The velocity of air above the surface was also assumed to be equal
to zero, as the device has a lid. The minimum initial volume was
also assumed to be 200 .mu.L, therefore a 10% concentration change
occurs with as little as 18 .mu.L loss. With these assumptions, it
is estimated that a 10% change in concentration will occur in 187
seconds (3.1 min). This means that the device should sample at
least once every 3.1 min, however, more frequent or less frequent
sampling rates would be appropriate for more or less volatile
fluids. The actual sampling rate performance of the device was
tested by adding 1 mL of 1.times.RXN Buffer to the slide, then
measuring the concentration every minute. A plot of these results
is seen in FIG. 13. Results from this experiment show the device
can sample faster than a 10% change in concentration of the
solution, even at a rate much slower than the device is maximally
capable.
[0062] In other embodiments, the system described above can be
incorporated as one or more subsystems into an automated slide
staining system that robotically applies fluids to microscope slide
mounted biological samples. Automated systems employ a computer to
control the sample treatment process, monitor sensors, and perhaps
control movement of samples and reagents within the system.
Examples of automated slide staining systems into which the
disclosed system for monitoring on-slide concentrations in real
time can be included as an additional subsystem for stain process
monitoring are disclosed in, for example, U.S. Pat. Nos. 6,352,861,
6,783,733, 7,476,543, 7,901,941, 8,454,908, 8,877,485, 8,883,509
and 8,932,543, the contents of which are each incorporated by
reference herein.
[0063] Computers typically include known components, such as a
processor, an operating system, system memory, memory storage
devices, input-output controllers, input-output devices, and
display devices. It will also be understood by those of ordinary
skill in the relevant art that there are many possible
configurations and components of a computer and may also include
cache memory, a data backup unit, and many other devices. Examples
of input devices include a keyboard, a cursor control devices
(e.g., a mouse), a microphone, a scanner, and so forth. Examples of
output devices include a display device (e.g., a monitor or
projector), speakers, a printer, a network card, and so forth.
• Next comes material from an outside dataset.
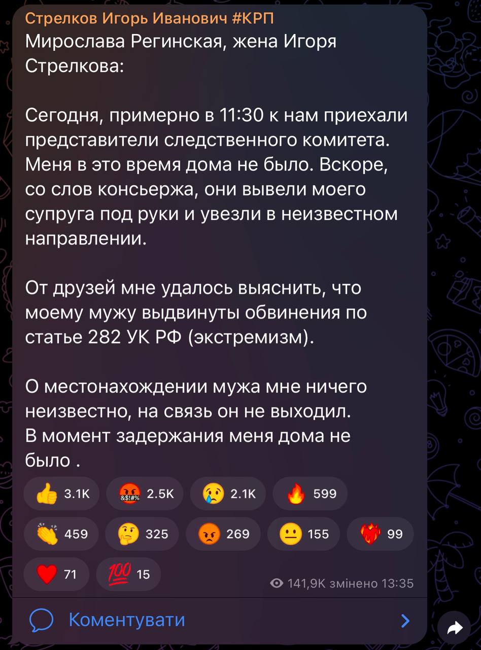 Стрєлков — усе. Його затримали за підозрою в екстремізмі.

Display devices may include display devices that provide visual
information, this information typically may be logically and/or
physically organized as an array of pixels. An interface controller
may also be included that may comprise any of a variety of known or
future software programs for providing input and output interfaces.
For example, interfaces may include what are generally referred to
as "Graphical User Interfaces" (often referred to as GUI's) that
provides one or more graphical representations to a user.
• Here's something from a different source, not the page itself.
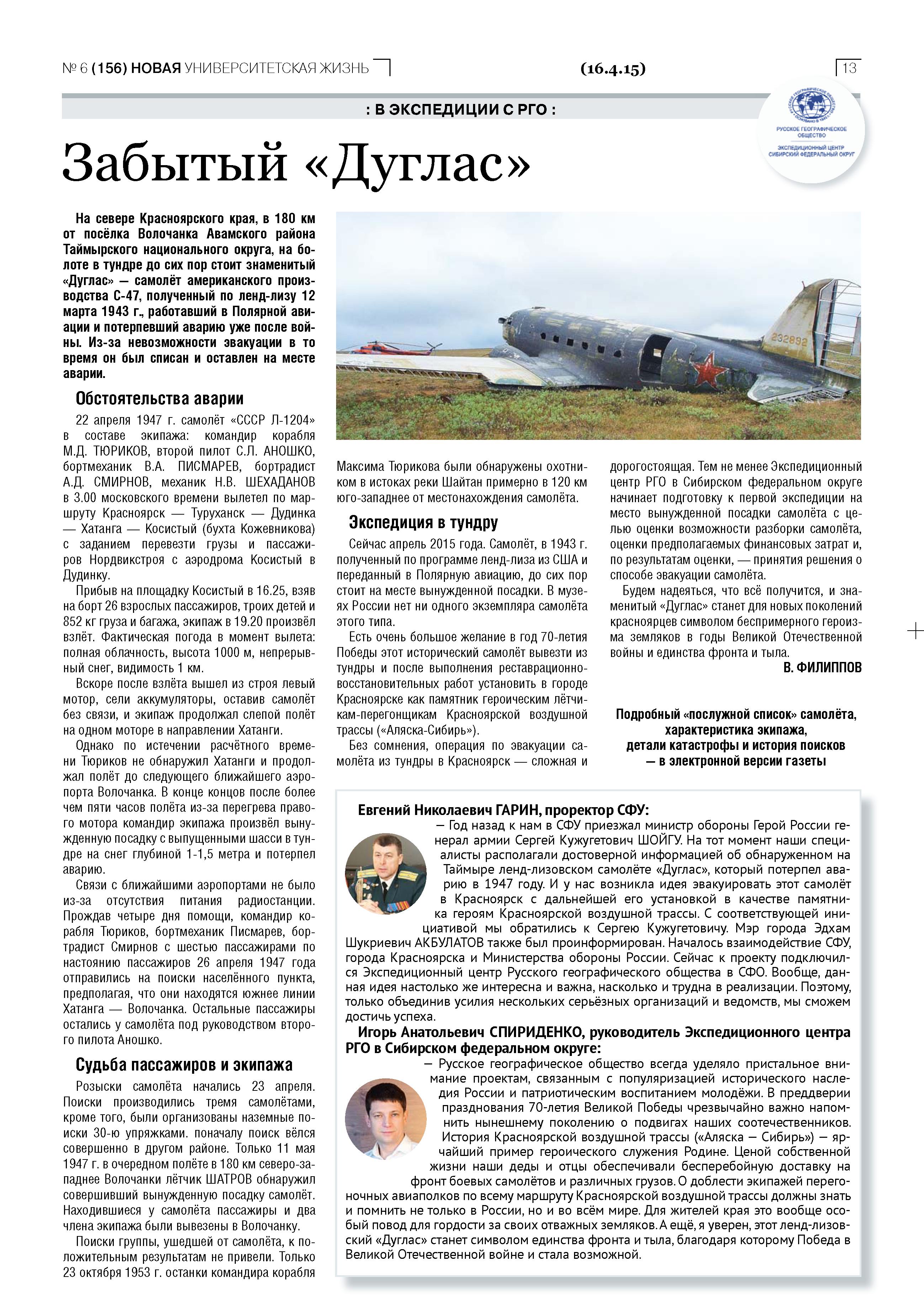 «С 1 октября 1947 г. исключить из списков личного состава 26 ТАО пропавших без вести 12 мая 1947 г. при аварии самолета С-47 № Л-1204:

Interfaces are typically enabled to accept user inputs using means
of selection or input known to those of ordinary skill in the
related art. The interface may also be a touch screen device. In
the same or alternative embodiments, applications on a computer may
employ an interface that includes what are referred to as "command
line interfaces" (often referred to as CLI's). CLI's typically
provide a text based interaction between an application and a user.
Typically, command line interfaces present output and receive input
as lines of text through display devices. For example, some
implementations may include what are referred to as a "shell" such
as Unix Shells known to those of ordinary skill in the related art,
or Microsoft Windows Powershell that employs object-oriented type
programming architectures such as the Microsoft .NET framework.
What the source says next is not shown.